Like Lesley, Opera North comes from Yorkshire – and, as she rehearsed the role with the company she began her career with 30 years ago, she remembered an old Yorkshire saying.
"'Spit on your hands and take a fresh hold'," she says. "That's a phrase my dad often used, and it's a phrase I had in my ear."
As she prepares to take to the Theatre Royal stage, Lesley is glad she took a fresh hold. La Voix Humaine comes to Nottingham as part of a Tuesday/Friday double bill with Purcell's Dido and Aeneas; during the week Opera North also presents Verdi's Otello and Mozart's La Clemenza di Tito.
The loss of Lesley's father helped inform the character. "She is in a very fragile state – and, boy ,was I," Lesley says. "From that point of view, my dad helped me, really. I was in a place that she is."
Beyond the emotion, La Vox Humaine is also a technically exhausting work for several reasons.
"First, the acoustic," Lesley says. "Every singer is anxious about that. In the case of this particular piece, I'm anxious on two levels."
There must be beautiful sound, but not too resonant that the words aren't clear. This is a play set to music. Playwright Cocteau's collaboration with Poulenc was close, and Poulenc had a meticulous respect for the words, setting almost every one in the piece.
"It's a very strong indication of how important these words are," she says. "Without that, this piece is meaningless."
But Lesley's not worried about that for several reasons. One, the Theatre Royal's excellent acoustics will help her deliver the lines as they must be delivered. She also hails director Aletta Collins as visionary, but also warm and nurturing. That vision comes through in the double-bill programming of her piece alongside Dido and Aeneas.
"She has connected the two pieces in the most extraordinary way," Lesley says.
Ideas established in one are explored in the other. Psychological breakdown, the theme of a woman abandoned – the pieces offer fascinating parallels that are hinted at in myriad ways. That creativity is one of the reasons Lesley's happy to be back in what she calls "the Opera North family" after three decades.
"When you join Opera North, even for a short time, it is like coming home to the most wonderful family. It is a great feeling to be wrapped up in this wonderful warm Northern blanket.
"It is the place where I started, the place that helped to grow me, if you like."
In the intervening decades since her last Opera North appearance, both singer and company have undergone some major changes.

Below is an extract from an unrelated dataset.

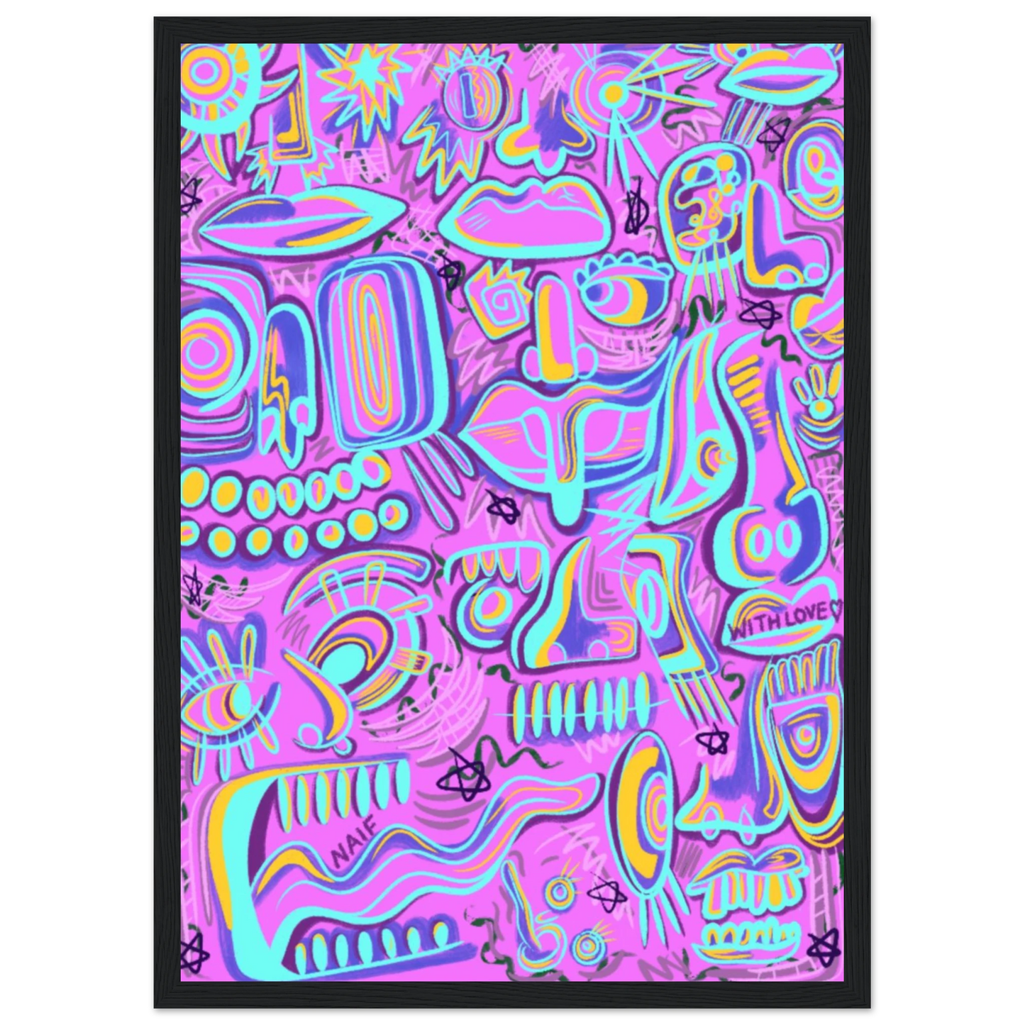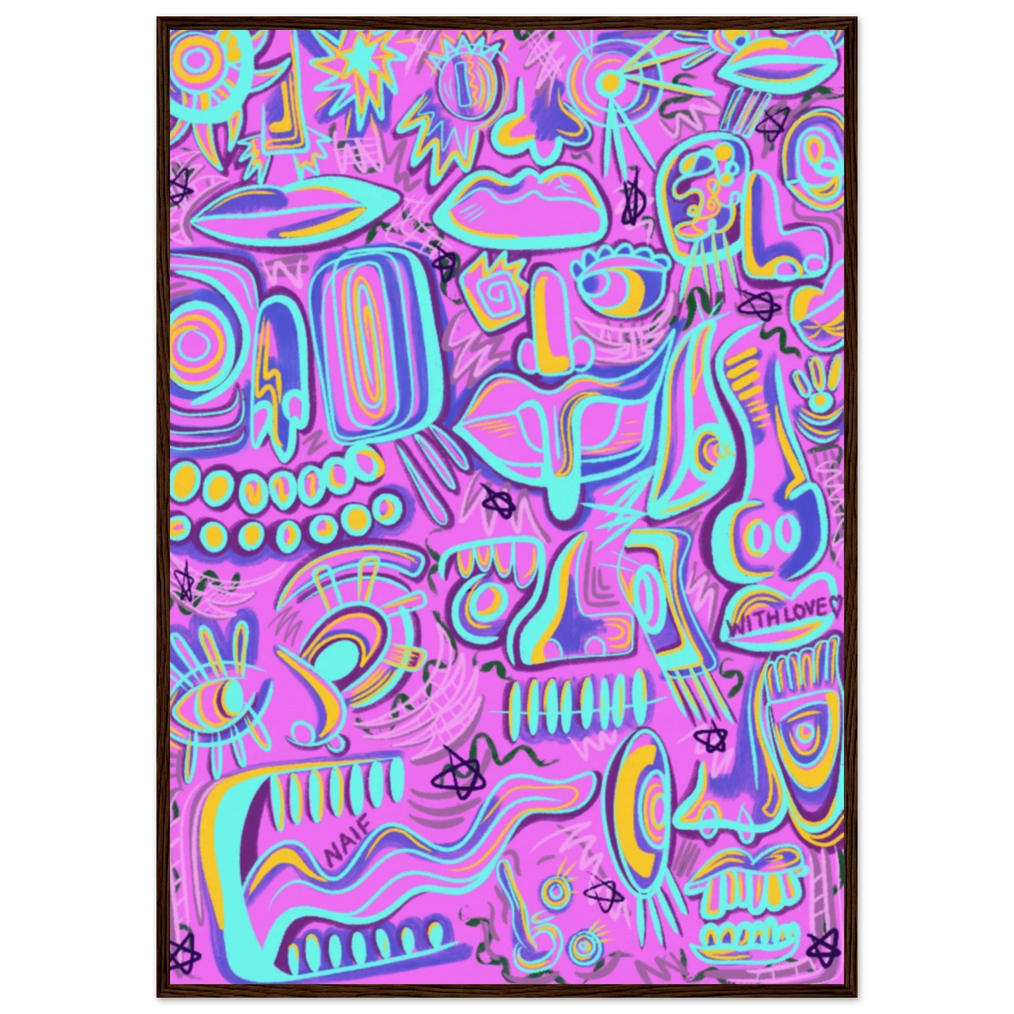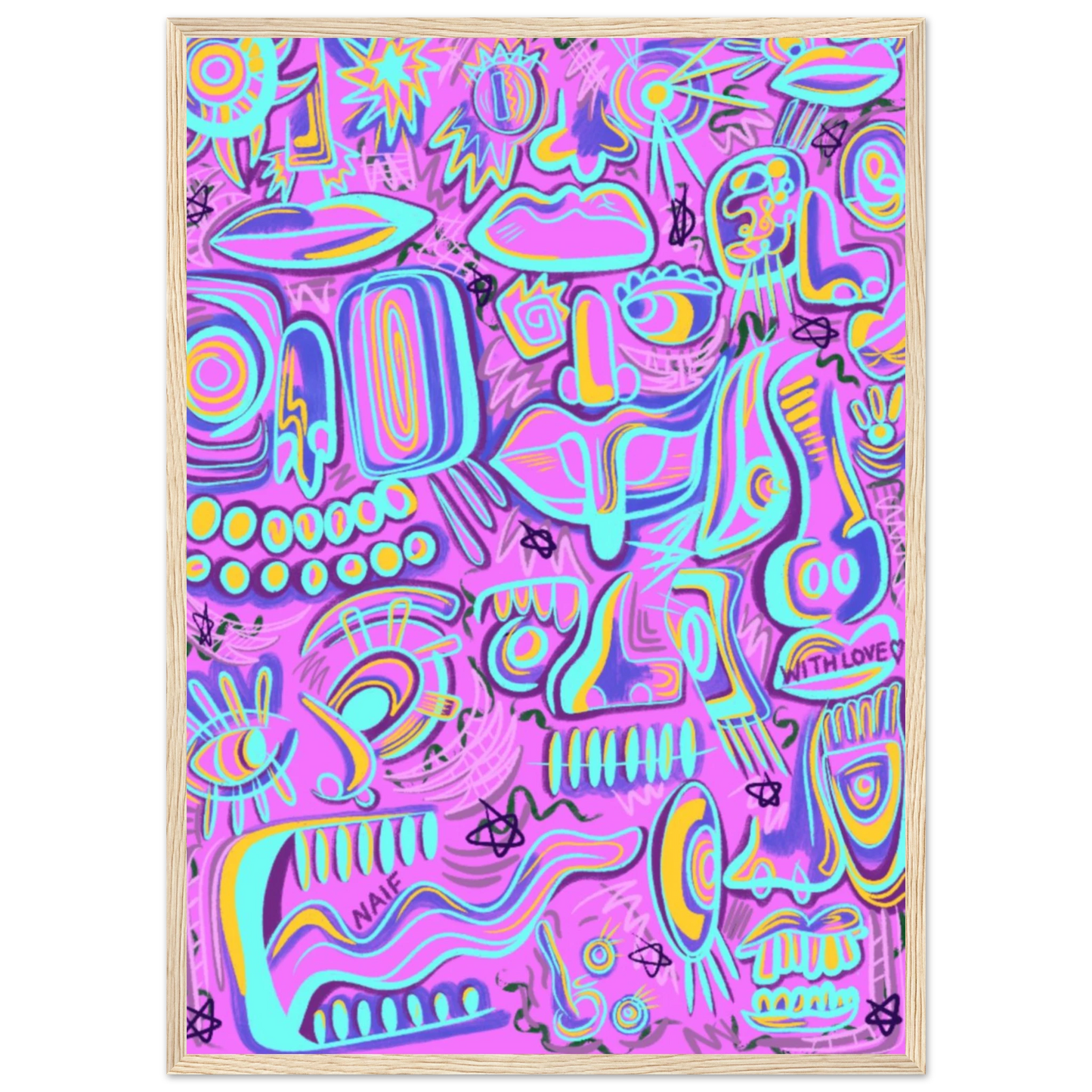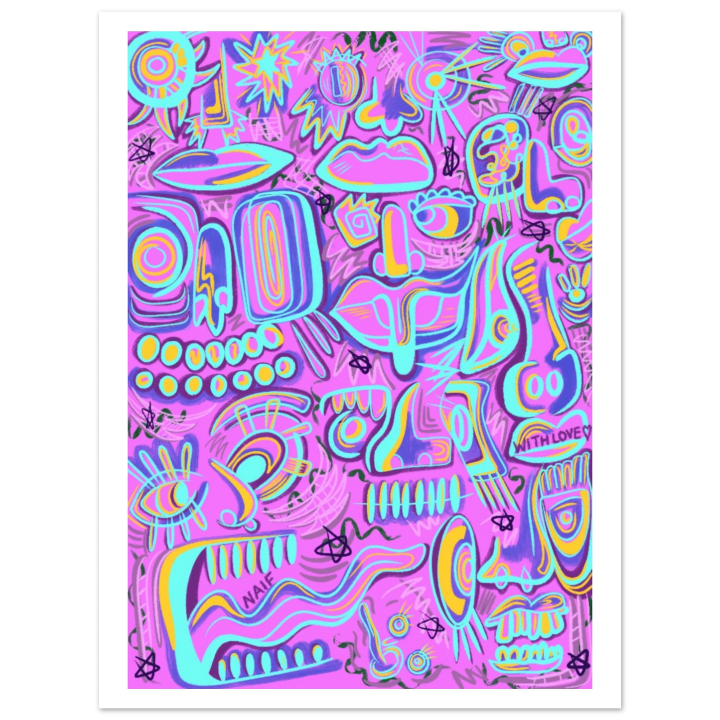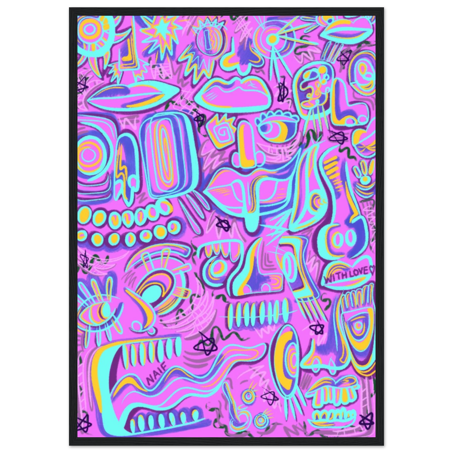 A bold statement piece that brings electric energy to any space. This vibrant abstract artwork features a striking hot pink palette with electric cyan accents, creating a dynamic composition of swirling forms and playful patterns. The piece captures a sense of movement and rhythm that draws the eye and sparks conversation.

Lesley, of course, became a major crossover star, a singer committed to bringing more people to opera by branching out into popular music.
Meanwhile, the Leeds-based company has grown in size and stature.
"I sang with Opera North right at the beginning of my career," she says. "In that time the company has transformed itself from what was just a fledgling offshoot of English National Opera ... and now it's a completely independent and fabulous world-class company."